Gessen: I don’t even know how much it has to do with being young and an immigrant, although certainly those are exacerbating circumstances. I’m also just very, very shy. And a lot of journalists I know are very shy people who are curious about the world. So you’re kind of locked in when you’re shy and curious about the world. And one of the few ways to break out of that shell is to have a job that requires you to indulge your curiosities.
Miller: Requires and enables?
Gessen: Requires and enables. Yeah.
Miller: Let’s turn right now, to what you wrote recently. A week after the election, you wrote that based on Trump’s own words and the actions of authoritarian leaders around the world, we could expect to see attacks on the judiciary, on courts, on media, on universities, on nonprofits – all of which has happened. You said civil society groups, especially those that serve or advocate for immigrants, formerly incarcerated people, LGBTQ people, women in vulnerable groups, they’ll be attacked. They may come for the unions.
Has anything in the last 108 days surprised you then?
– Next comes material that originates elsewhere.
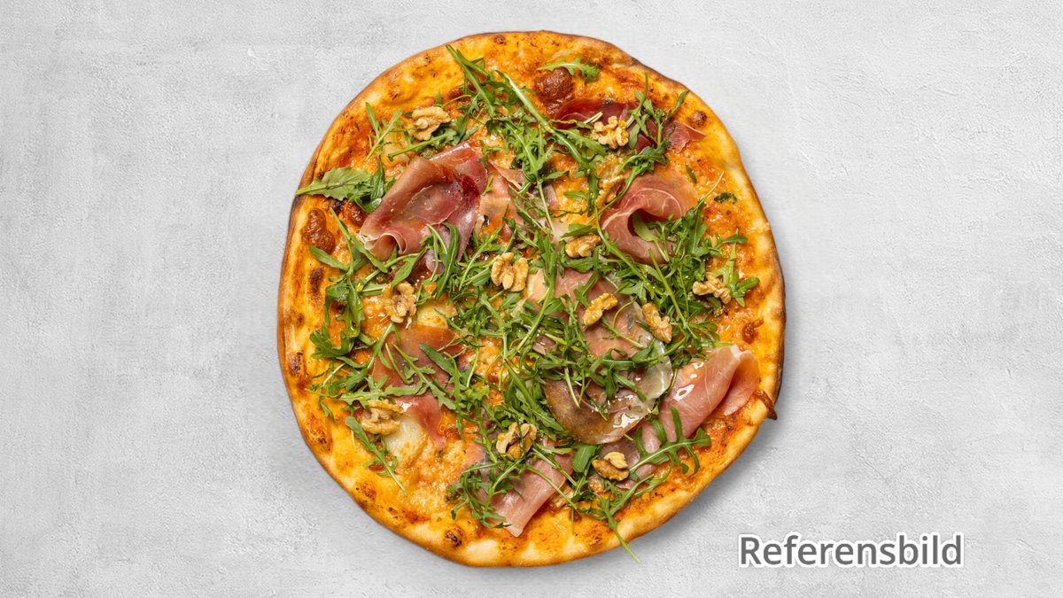 Tomatsås, mozzarella, räkor, ruccola, cocktailtomater och pesto.
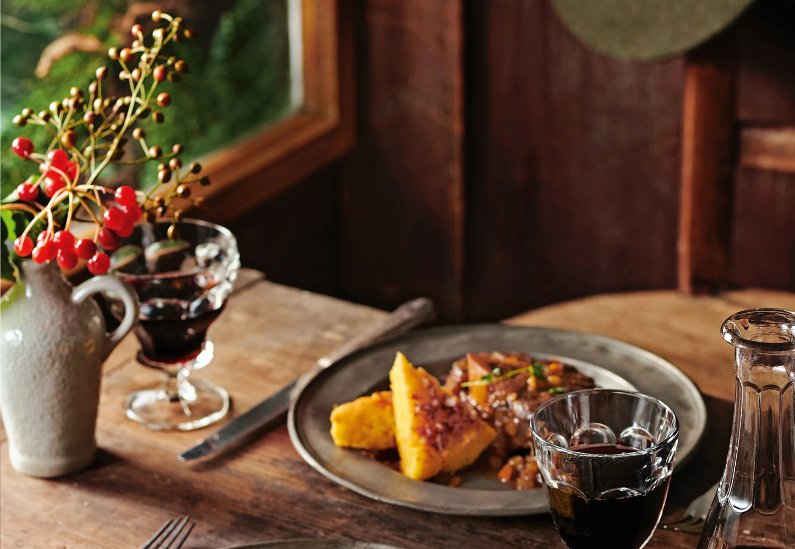 Polenta aus dem Rohr nehmen, mit zerkleinertem Speck bestreuen und portionieren. Fleisch mit der Sauce anrichten, mit Thymianzweigen garnieren und mit den Polentaschnitten servieren.

Gessen: The speed has surprised me. I knew intellectually that it was going to be faster than the first term, but I couldn’t prepare myself for just how fast it has been. And I have obvious concerns about the speed of it. I think it’s an incredibly effective approach for this administration, because it is moving at a speed that cannot be matched by deliberative institutions. All of our defenses are institutions like the judiciary, like Congress, like other smaller elected bodies that are all slow, and they’re slow by design because deliberation is slow.
When you attack slow institutions at an incredibly high speed, that creates an asymmetry that I think is very difficult to overcome. Conceivably impossible to overcome because by the time a case makes its way through the judiciary, the damage has already been done. We saw that with the deportations of men to El Salvador, where it was a sort of obscene illustration of how that works, because obviously, the judge was rushing and the judge said, “Turn the planes around.” And oopsie, it was too late. But it’s an illustration of something that’s actually happening across the board. So that’s my one concern about the speed at which things are happening.
My other concern is that I have a feeling that we have entered a new stage in the last week or two, which is all the attacks have started and progressed to some extent, with the possible exception of unions. I fear that means that we’re entering a stage of a kind of boredom, a kind of familiarity, where everything …
Miller: Boredom on the part of whom? Boredom among all of us?
Gessen: Among all of us
Miller: Societal boredom and that we’re used to this? This is a new norm?
Gessen: Exactly. You see a headline – and it’s a headline like all the other headlines – and things can be both catastrophic and boring at the same time. That’s something that I’m very familiar with from reporting on wars. And I’ve seen people report on wars for the first time in their lives. And like the first 24 hours, every time a missile lands or you get information that a missile is flying, or somebody gets shot, it’s shocking, it’s news. And then the next day, somebody gets shot, a missile flies and there’s a bomb. Then the next day, it’s the exact same thing. Actually, the repertoire of war is very limited, as is the repertoire of autocratic breakthroughs.
Miller: What you’re describing is deeply embedded in human brains. I mean, our brains are used to looking for novelty, danger or new dangers. And our brains are very good at tuning out things that we think we know.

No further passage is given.